Problem description -
Leave every picture out and return the rest of the listing verbatim.

Collected data -
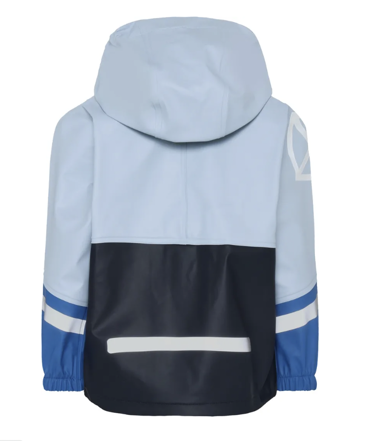 Regnjackan stängs med dragkedja framtill och har en avtagbar huva, knappjustering i ärmsluten och öglor där vantarna kan fästas.
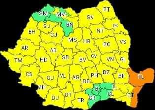 Începând de astăzi, de la ora 12.00, intră în vigoare o atenționare meteorologică COD GALBEN de ploi însemnate cantitativ și instabilitate atmosferică temporară accentuată, valabilă până marți la ora 21.00.
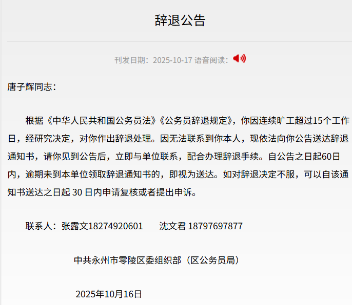 公告显示,该区公务员唐某某因连续旷工超过15个工作日,被依法予以辞退。由于无法联系到本人,采取公告形式送达辞退通知书。自公告之日起60日内,逾期未到单位领取辞退通知书的,即视为送达。如对辞退决定不服,可以自该通知书送达之日起30日内申请复核或者提出申诉。
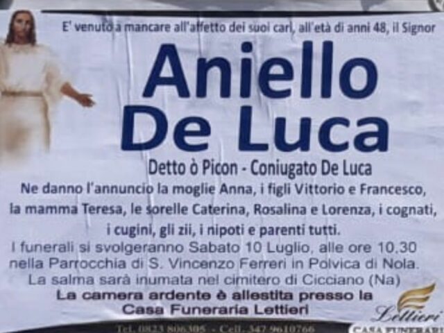 Polvica di Nola. Si svolgeranno domani, sabato 10 luglio, alle ore 10:30 nella parrocchia di San Vincenzo Ferreri in Polvica di Nola, i funerali di Aniello De Luca, il centauro 48enne morto a seguito di un incidente stradale avvenuto il 4 luglio scorso.

Task output -
 Regnjackan stängs med dragkedja framtill och har en avtagbar huva, knappjustering i ärmsluten och öglor där vantarna kan fästas.
 Începând de astăzi, de la ora 12.00, intră în vigoare o atenționare meteorologică COD GALBEN de ploi însemnate cantitativ și instabilitate atmosferică temporară accentuată, valabilă până marți la ora 21.00.
 公告显示,该区公务员唐某某因连续旷工超过15个工作日,被依法予以辞退。由于无法联系到本人,采取公告形式送达辞退通知书。自公告之日起60日内,逾期未到单位领取辞退通知书的,即视为送达。如对辞退决定不服,可以自该通知书送达之日起30日内申请复核或者提出申诉。
 Polvica di Nola. Si svolgeranno domani, sabato 10 luglio, alle ore 10:30 nella parrocchia di San Vincenzo Ferreri in Polvica di Nola, i funerali di Aniello De Luca, il centauro 48enne morto a seguito di un incidente stradale avvenuto il 4 luglio scorso.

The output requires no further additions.